A ausência do defensor no interrogatório constitui nulidade absoluta, não podendo ser sanada posteriormente. Este entendimento está consolidado na jurisprudência dos Tribunais Superiores.
Súmula 523 do STF
“No processo penal, a falta da defesa constitui nulidade absoluta, mas a sua deficiência só o anulará se houver prova de prejuízo para o réu.”
Esta súmula estabelece distinção fundamental:
- Falta de defesa = nulidade absoluta (não precisa demonstrar prejuízo)
- Deficiência da defesa = nulidade relativa (necessário demonstrar prejuízo concreto)
Modalidades de Interrogatório
Interrogatório Presencial no Estabelecimento Prisional
O § 1º do artigo 185 determina que o interrogatório do réu preso deve ser realizado, preferencialmente, em sala própria no estabelecimento prisional, desde que garantidas:
- Segurança do juiz, promotor e auxiliares
- Presença do defensor
- Publicidade do ato
Esta regra visa evitar o desgaste do deslocamento do preso, reduzir custos operacionais e minimizar riscos à segurança pública.
Interrogatório por Videoconferência
O § 2º prevê a possibilidade excepcional de realização do interrogatório por videoconferência, mediante decisão fundamentada, nas seguintes hipóteses:
I – Segurança pública: quando houver fundada suspeita de que o preso integre organização criminosa ou possa fugir durante o deslocamento.
II – Dificuldade de comparecimento: quando houver relevante obstáculo para o comparecimento em juízo (enfermidade ou circunstância pessoal).
III – Influência sobre testemunhas ou vítimas: para impedir que o réu influencie o ânimo de testemunha ou vítima, quando não for possível colher o depoimento destas por videoconferência.
IV – Gravíssima questão de ordem pública: situações excepcionais que justifiquem a medida.
A videoconferência é medida excepcional e não pode ser utilizada como regra geral.

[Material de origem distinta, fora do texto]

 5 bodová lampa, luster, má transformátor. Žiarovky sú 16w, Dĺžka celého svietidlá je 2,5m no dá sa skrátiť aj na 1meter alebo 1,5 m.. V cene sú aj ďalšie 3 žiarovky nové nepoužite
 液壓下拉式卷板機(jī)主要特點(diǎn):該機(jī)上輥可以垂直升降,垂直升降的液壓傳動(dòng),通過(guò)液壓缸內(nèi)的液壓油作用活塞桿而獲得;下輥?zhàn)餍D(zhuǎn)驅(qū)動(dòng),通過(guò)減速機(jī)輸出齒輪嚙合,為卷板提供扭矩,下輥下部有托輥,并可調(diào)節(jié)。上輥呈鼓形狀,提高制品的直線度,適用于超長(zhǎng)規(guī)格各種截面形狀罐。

O juiz deve fundamentar adequadamente a necessidade, sob pena de nulidade do ato.
Intimação Prévia
O § 3º assegura que as partes serão intimadas com 10 dias de antecedência da decisão que determinar o interrogatório por videoconferência, permitindo eventual impugnação.
Acompanhamento de Outros Atos
O § 4º garante que, antes do interrogatório por videoconferência, o preso poderá acompanhar, pelo mesmo sistema, todos os atos da audiência de instrução e julgamento, assegurando ampla participação na produção probatória.

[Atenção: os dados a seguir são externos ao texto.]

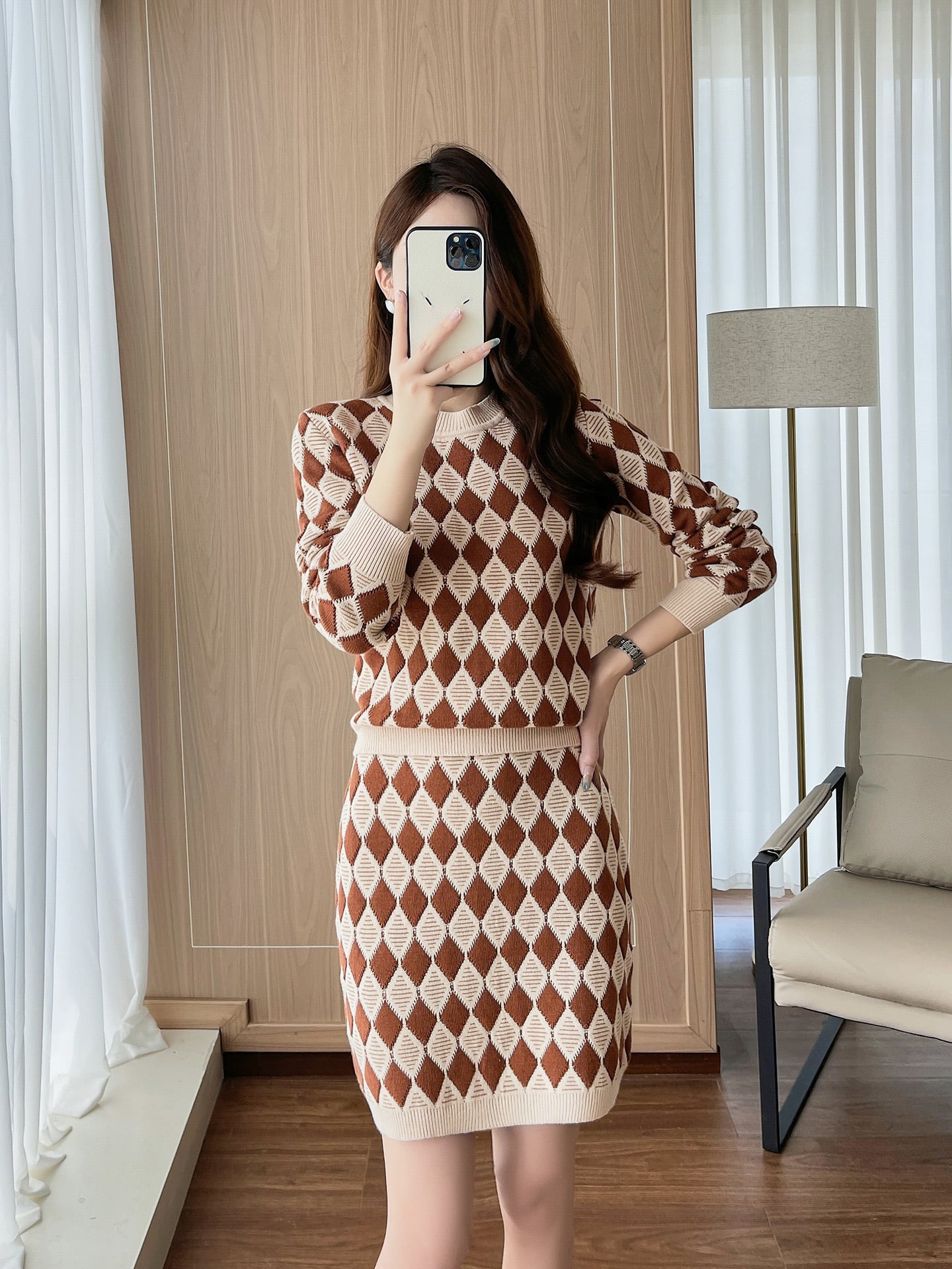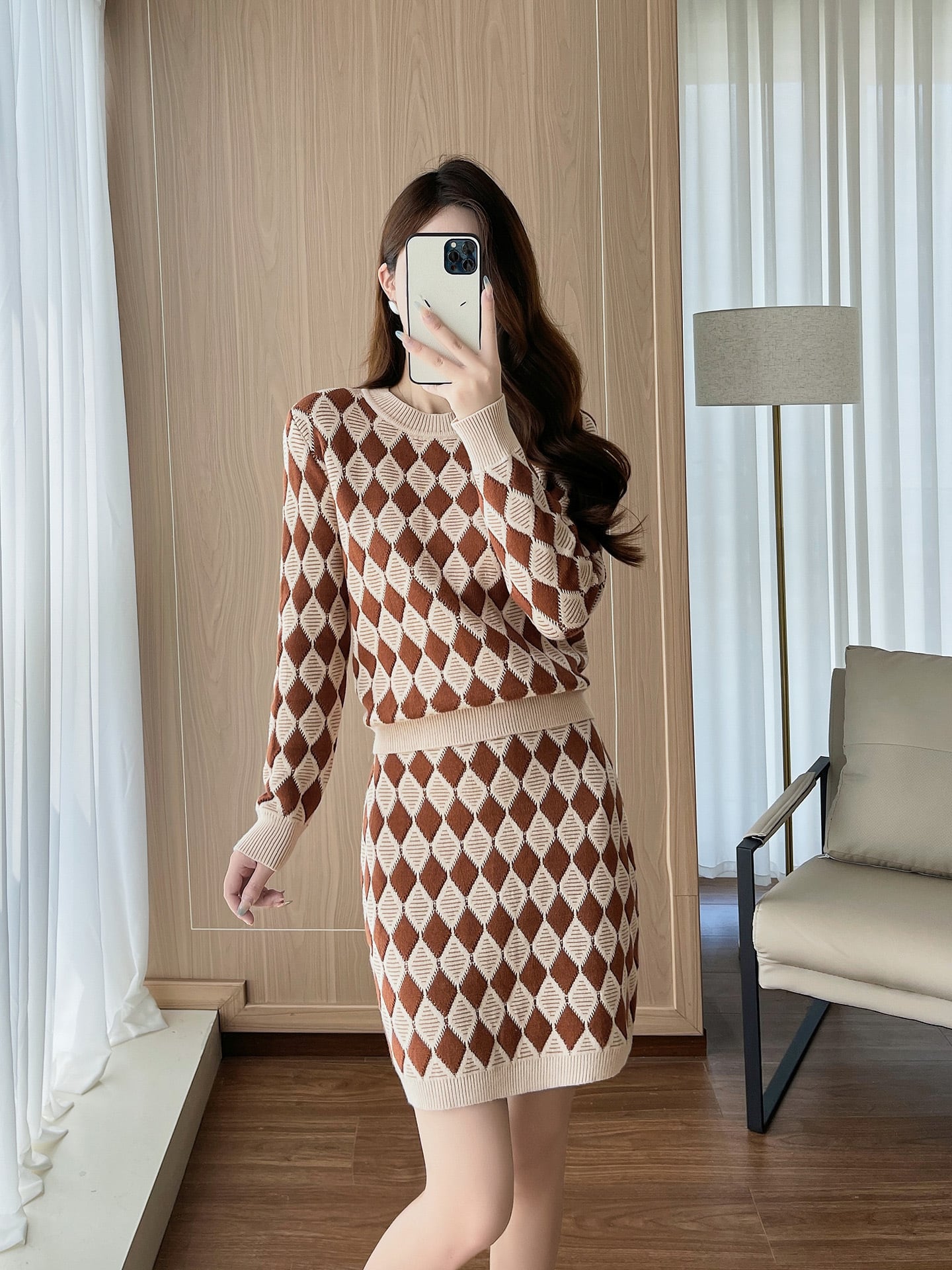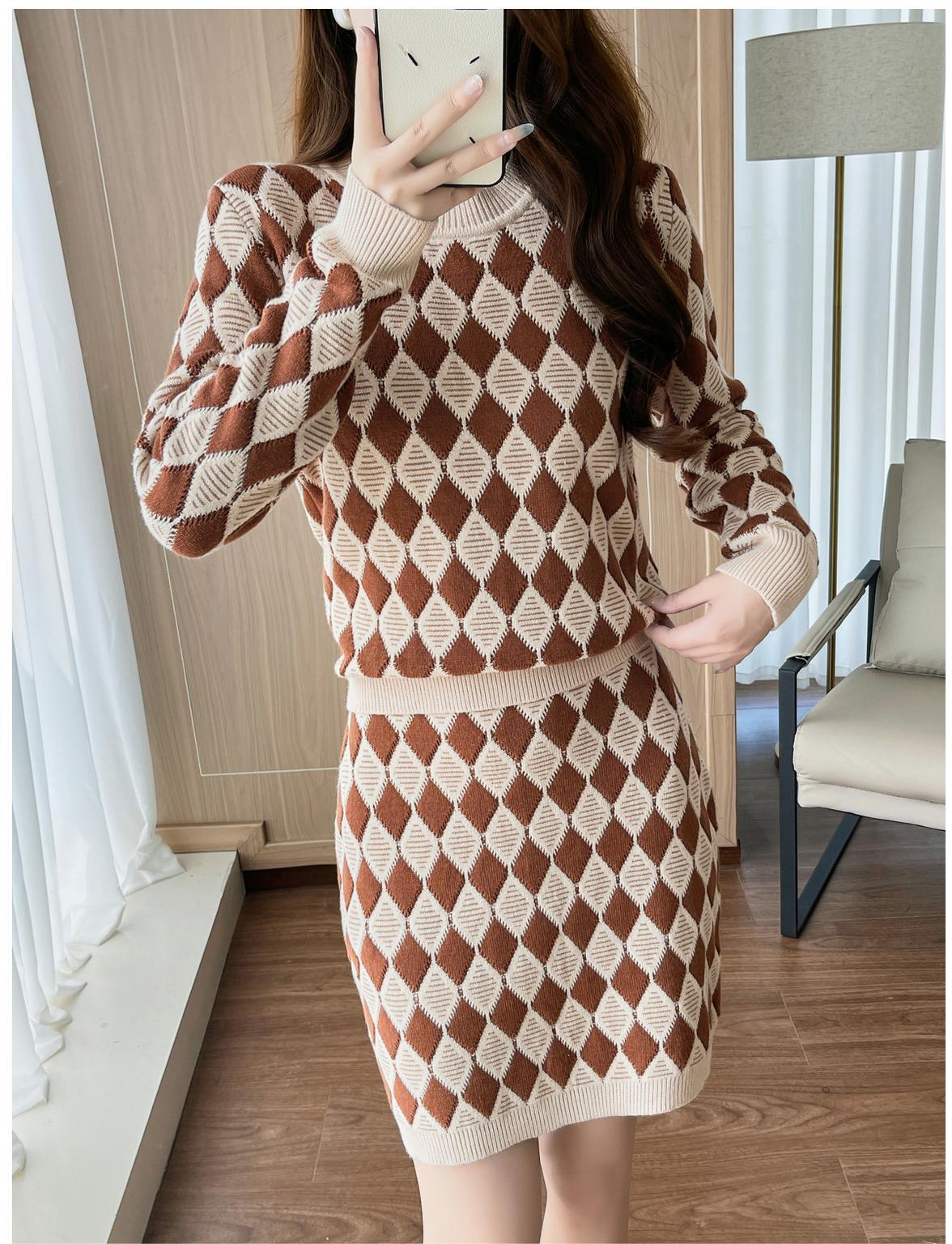 【set】ラウンドネックニットセーター×ニットスカートセット K0516

Direito à Entrevista Prévia e Reservada
O § 5º do artigo 185 é fundamental para a defesa efetiva:
“Em qualquer modalidade de interrogatório, o juiz garantirá ao réu o direito de entrevista prévia e reservada com o seu defensor.”

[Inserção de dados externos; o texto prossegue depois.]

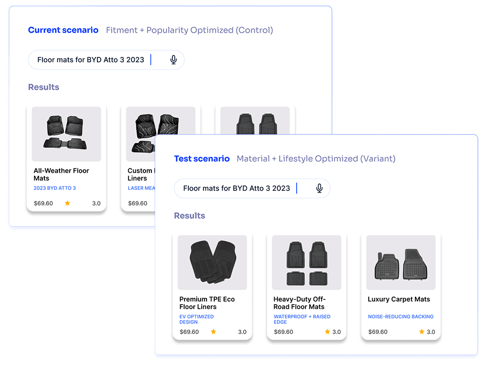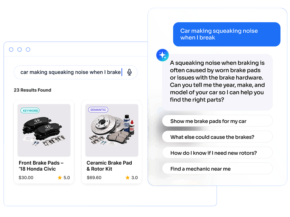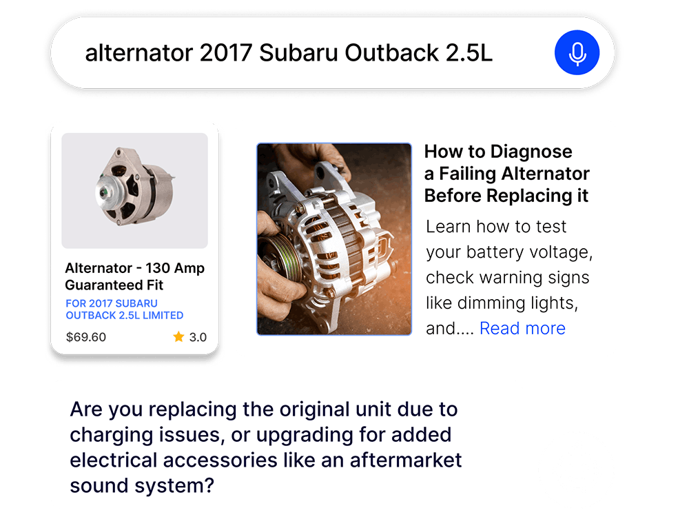 They work best as a connected system. AI Search helps shoppers find the right parts faster by understanding intent (including natural-language queries), matching part numbers and reference formats, and improving relevance. Agent Studio builds on that foundation with conversational, agentic support that can answer fitment and product questions, recommend alternatives, and guide shoppers when they’re uncertain. Generative Experiences add guided discovery—like shopping guides and “choose the right part” flows—that help buyers understand options and compatibility before they commit.

Na videoconferência, deve haver:
- Canal telefônico reservado entre o defensor no presídio e o advogado no fórum
- Canal telefônico reservado entre o advogado no fórum e o preso
A entrevista prévia não é mera formalidade. É o momento em que o defensor orienta o acusado sobre o direito ao silêncio, as implicações de suas declarações e a estratégia defensiva. A ausência desta garantia pode configurar cerceamento de defesa.
Fiscalização das Salas de Videoconferência
O § 6º estabelece que as salas reservadas nos estabelecimentos prisionais para videoconferência serão fiscalizadas por:
- Corregedores
- Juiz de cada causa
- Ministério Público
- Ordem dos Advogados do Brasil (OAB)
Essa fiscalização visa garantir condições adequadas e respeito aos direitos do interrogando.
Informações sobre Filhos
O § 10 introduz inovação importante ao determinar que do interrogatório conste:
- Informação sobre existência de filhos
- Respectivas idades
- Se possuem alguma deficiência
- Nome e contato do responsável pelos cuidados dos filhos
Esta exigência atende ao princípio da proteção integral da criança e do adolescente, possibilitando medidas assistenciais e decisões mais humanizadas.
Direito ao Silêncio
Garantia Constitucional
O artigo 186 materializa a garantia constitucional contra a autoincriminação (nemo tenetur se detegere):
“O acusado será informado pelo juiz, antes de iniciar o interrogatório, do seu direito de permanecer calado e de não responder perguntas que lhe forem formuladas.”
Consequências do Silêncio
O parágrafo único do artigo 186 estabelece dois princípios fundamentais:
- O silêncio não importará em confissão
- O silêncio não poderá ser interpretado em prejuízo da defesa
O exercício do direito ao silêncio não pode gerar presunção de culpa ou qualquer valoração negativa. O ônus probatório permanece integralmente com a acusação.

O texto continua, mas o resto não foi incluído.